Data for this task
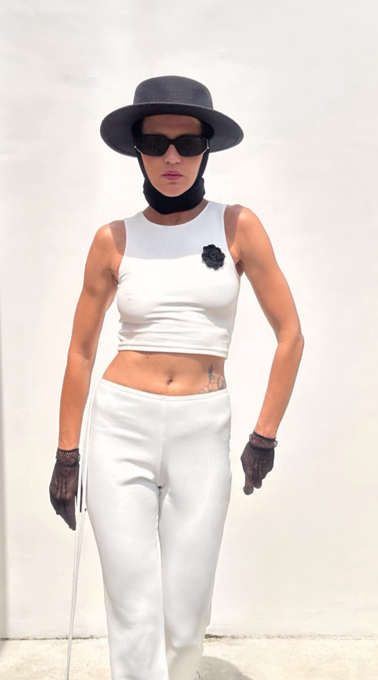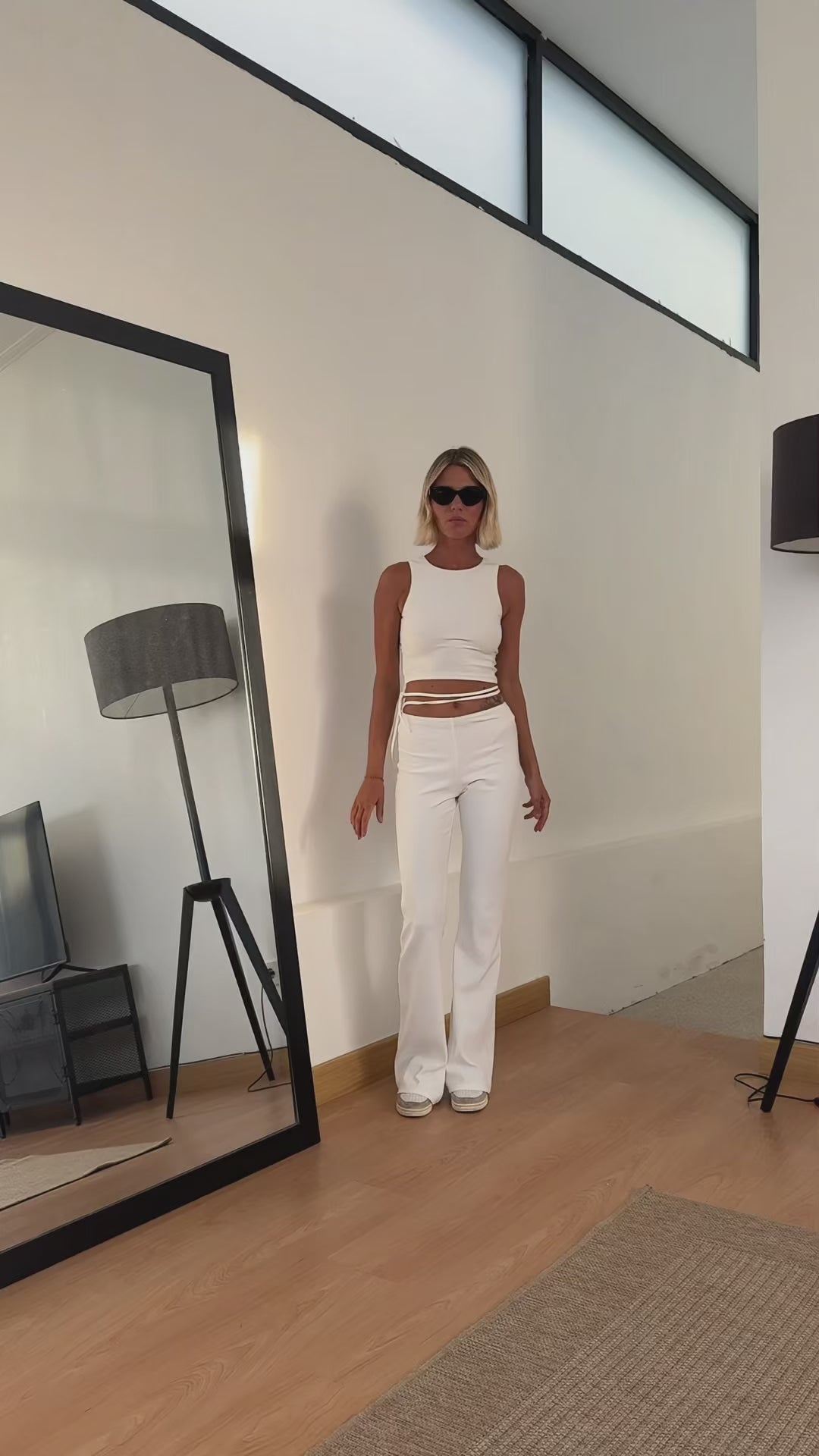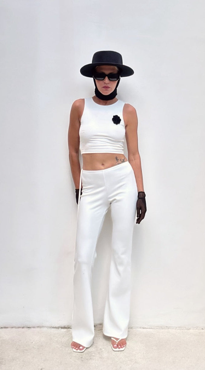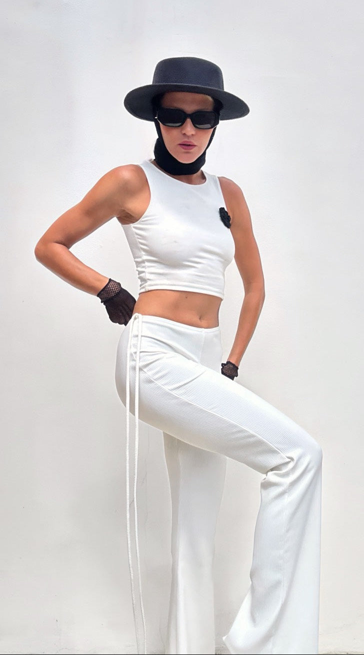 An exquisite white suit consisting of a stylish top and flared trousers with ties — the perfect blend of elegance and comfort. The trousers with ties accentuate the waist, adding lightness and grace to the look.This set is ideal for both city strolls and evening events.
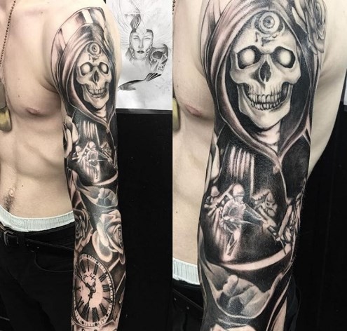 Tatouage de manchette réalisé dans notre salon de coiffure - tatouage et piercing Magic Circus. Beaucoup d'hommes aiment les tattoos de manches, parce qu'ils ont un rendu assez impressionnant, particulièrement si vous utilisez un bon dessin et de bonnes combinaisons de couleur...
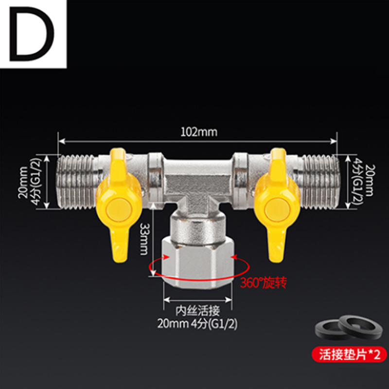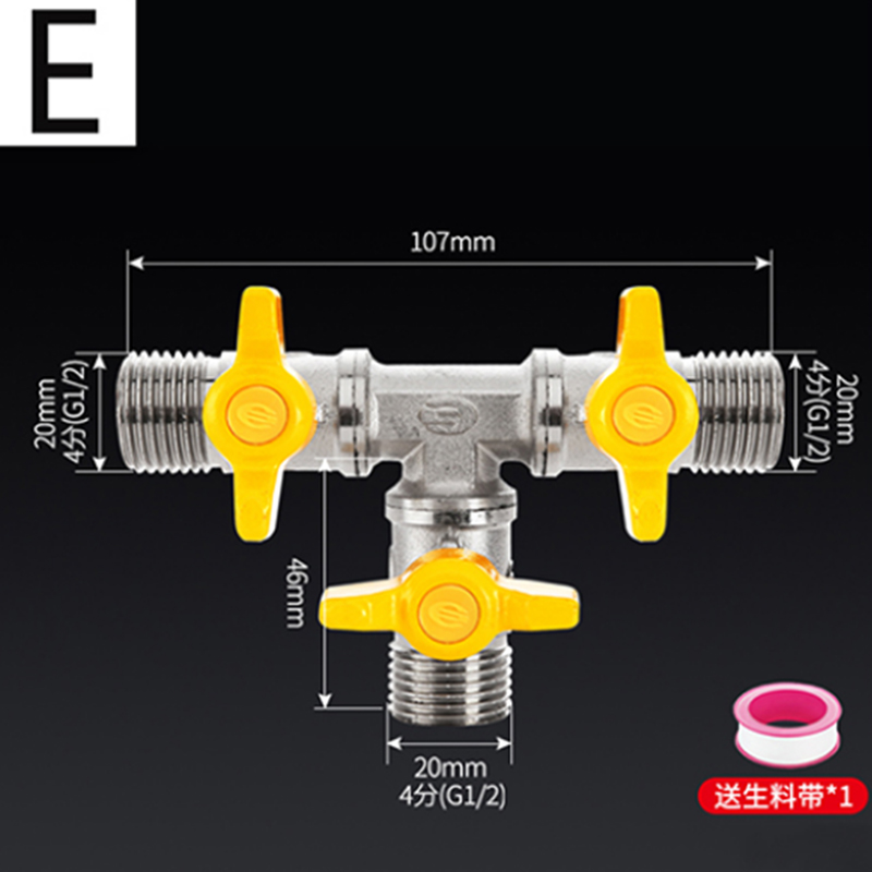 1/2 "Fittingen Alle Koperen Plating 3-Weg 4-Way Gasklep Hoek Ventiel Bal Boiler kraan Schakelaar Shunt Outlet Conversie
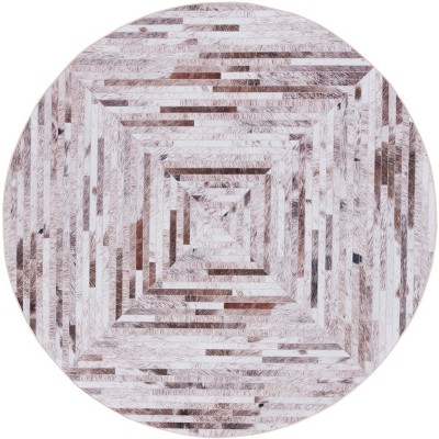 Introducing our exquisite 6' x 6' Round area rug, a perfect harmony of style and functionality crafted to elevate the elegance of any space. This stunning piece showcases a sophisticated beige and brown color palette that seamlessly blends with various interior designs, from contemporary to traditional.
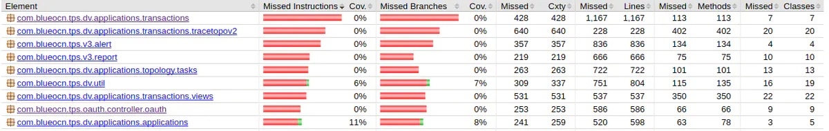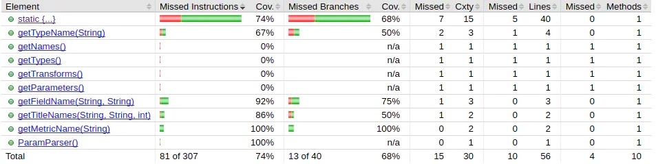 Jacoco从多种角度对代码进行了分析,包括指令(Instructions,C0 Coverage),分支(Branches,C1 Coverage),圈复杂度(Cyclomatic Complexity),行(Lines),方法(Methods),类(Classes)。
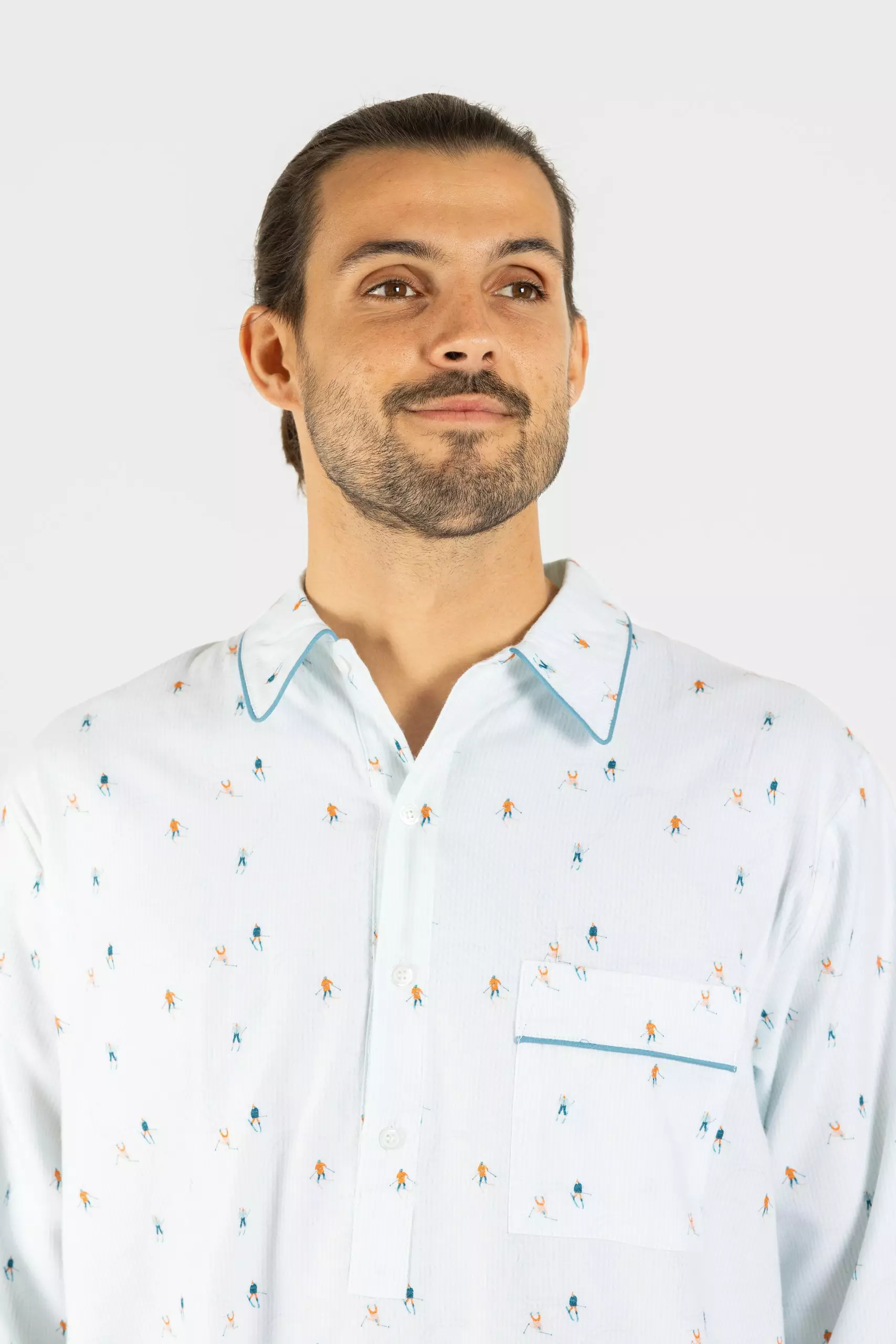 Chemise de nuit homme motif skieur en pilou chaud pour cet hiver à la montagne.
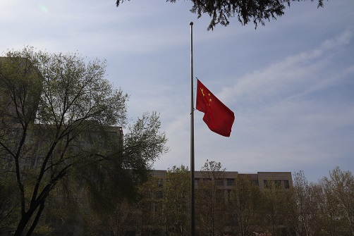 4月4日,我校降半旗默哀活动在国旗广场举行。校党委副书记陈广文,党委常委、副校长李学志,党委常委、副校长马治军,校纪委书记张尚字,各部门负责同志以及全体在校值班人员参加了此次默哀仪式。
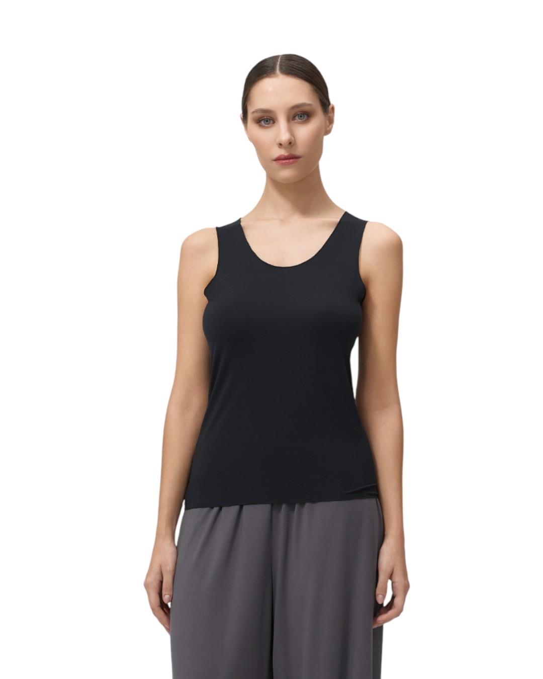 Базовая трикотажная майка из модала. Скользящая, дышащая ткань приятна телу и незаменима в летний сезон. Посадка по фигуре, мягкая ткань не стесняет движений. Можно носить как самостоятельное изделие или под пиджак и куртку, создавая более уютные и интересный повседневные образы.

Task to carry out
Give back, exactly as written, the lines from the top of the material above to the line containing "Tatouage de manchette", both included; skip every picture.

The completed task
 An exquisite white suit consisting of a stylish top and flared trousers with ties — the perfect blend of elegance and comfort. The trousers with ties accentuate the waist, adding lightness and grace to the look.This set is ideal for both city strolls and evening events.
 Tatouage de manchette réalisé dans notre salon de coiffure - tatouage et piercing Magic Circus. Beaucoup d'hommes aiment les tattoos de manches, parce qu'ils ont un rendu assez impressionnant, particulièrement si vous utilisez un bon dessin et de bonnes combinaisons de couleur...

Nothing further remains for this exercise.